The lures that you suggest are all good ones.

I realize this; but had to add that there's some neglected Speckled Trout fishing just beyond the breakers. I found this by accident many moons ago.

In fact; there's good fishing from the surf at night. Dark colored Spooks(or probably many other surface lures) will get their attention. I've also caught some big flounder as the lure was retrieved through shallow water.

A 'Yellow Mouthed Speckled Trout' is a BIG! Speckled Trout which get yellow mouthed as they get larger. They are also known as Tiderunners which move between the Bay and Gulf. C2


----------



## Kenn (Dec 24, 2012)

*Night fishing the surf. Catch Kings/Spanish at Night?*

If I was fishing the surf at night would I have a chance to catch Kings or Spanish at night? Since they are sight eaters maybe not good for their vision?


----------



## Drone82 (Jun 22, 2009)

It didn't occur to me that the darker colors would be better at night. Kinda makes sense to me now that I think about it. I always assumed brighter colors at night so that they stand out...


----------



## Charlie2 (Oct 2, 2007)

*Night Fishing*

When a fish/lure moves through salt water, it creates a luminescent trail or flash.

Fish see; and home in on this.
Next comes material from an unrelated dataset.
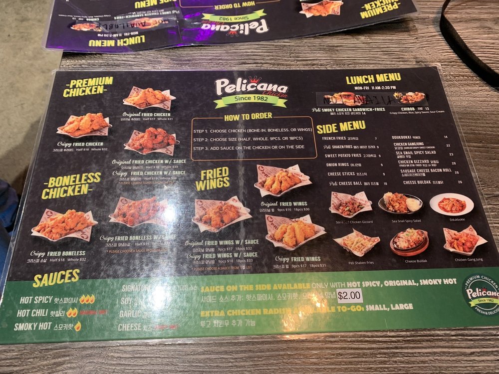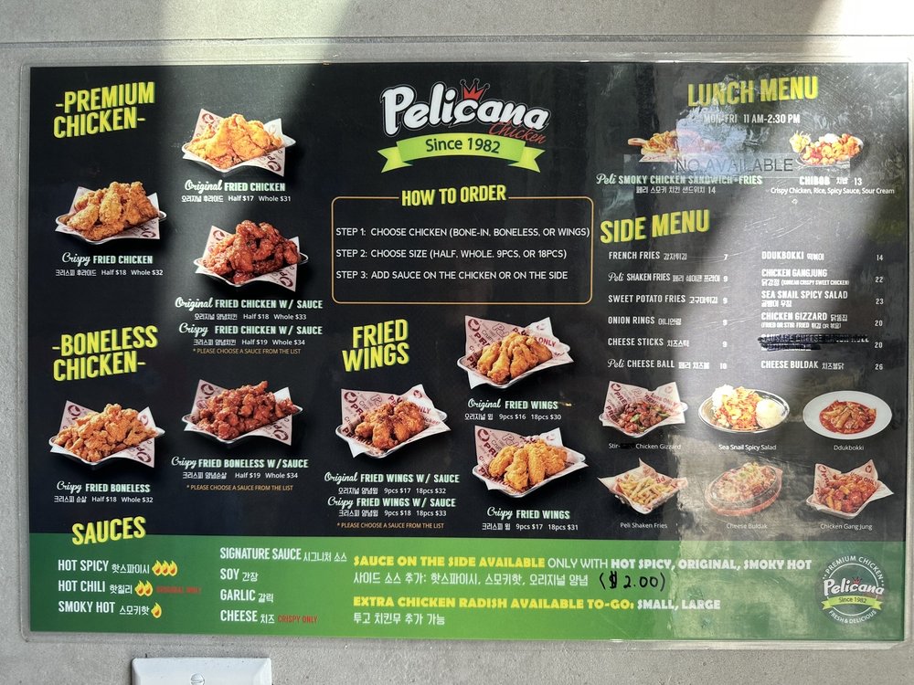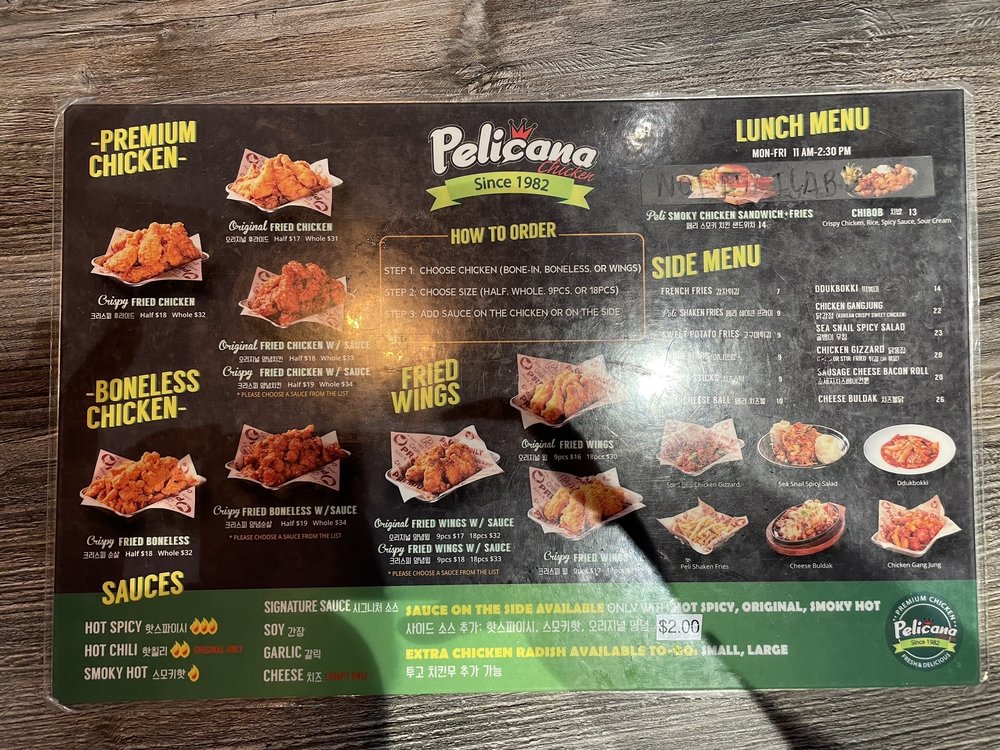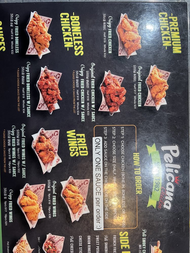Introducing the menu at Pelicana Chicken in Cupertino, CA, a Korean spot offering premium chicken, boneless chicken, and fried wings. The standout item is the HALF/HALF WHOLE Crispy Chicken, a crispy and juicy delight with customizable sauce options. Customers rave about the Cheese Buldak, a flaming cheese-topped dish that pairs perfectly with the chicken. The ambiance is modern and inviting, with attentive service. Pelicana's crispy chicken is a crowd favorite, boasting crunchy textures even with sauce. Although the wait may be a bit long, the flavors and warmth of the food make it a must-try for fried chicken enthusiasts. Don't miss out on their well-seasoned dishes and unique offerings like chicken gangjung with fried rice cakes. Pelicana Chicken promises a memorable Korean fried chicken experience with delicious options and a cozy atmosphere.

C2


----------



## Charlie2 (Oct 2, 2007)

*Surf Lures*

Not just night but...

I read about and ordered some plugs that they use in the NE for BIG! Bluefish and Striped Bass. They were Bluefish Bomb and Roberts Ranger lures.

The BBs came in a red head and one silver. The Rangers came in a blue/white and a red/white color.

I had a ball fishing them. I had to get out my heavy surf rod to cast them but they work. They weigh over 2 ounces each!

I still have them, plus some home-made ones that I cobbled up. I don't use them any more as I'm into Pompano fishing with jigs. C2


----------



## seejay (May 10, 2009)

Roberts lures- from 1 3/4 oz up to 4 oz. Lots of colors available. From around $7.00
http://www.robertslures.com

Blue Bomber are made by a company by the name of Gag's Grabbers starting at around $12.00, just google and there are a lot of sellers; saw some on ebay for $8.50 with $4.00 shipping


----------



## Mare_Mortis (May 16, 2012)

You speak of trout beyond the breakers, how far from a bay are you...In Texas you can find giant specks in the surf right at sunrise but I have never found any in the surf in Florida...but now your going to have me out all night looking for them...


----------



## Charlie2 (Oct 2, 2007)

*Surf TRout*



Mare_Mortis said:


> You speak of trout beyond the breakers, how far from a bay are you...In Texas you can find giant specks in the surf right at sunrise but I have never found any in the surf in Florida...but now your going to have me out all night looking for them...


These big trout are also called Tiderunners for a reason. They move in and out of the Bay(s) through the Passes into the Gulf then meander up and down the beach looking for food. C2


----------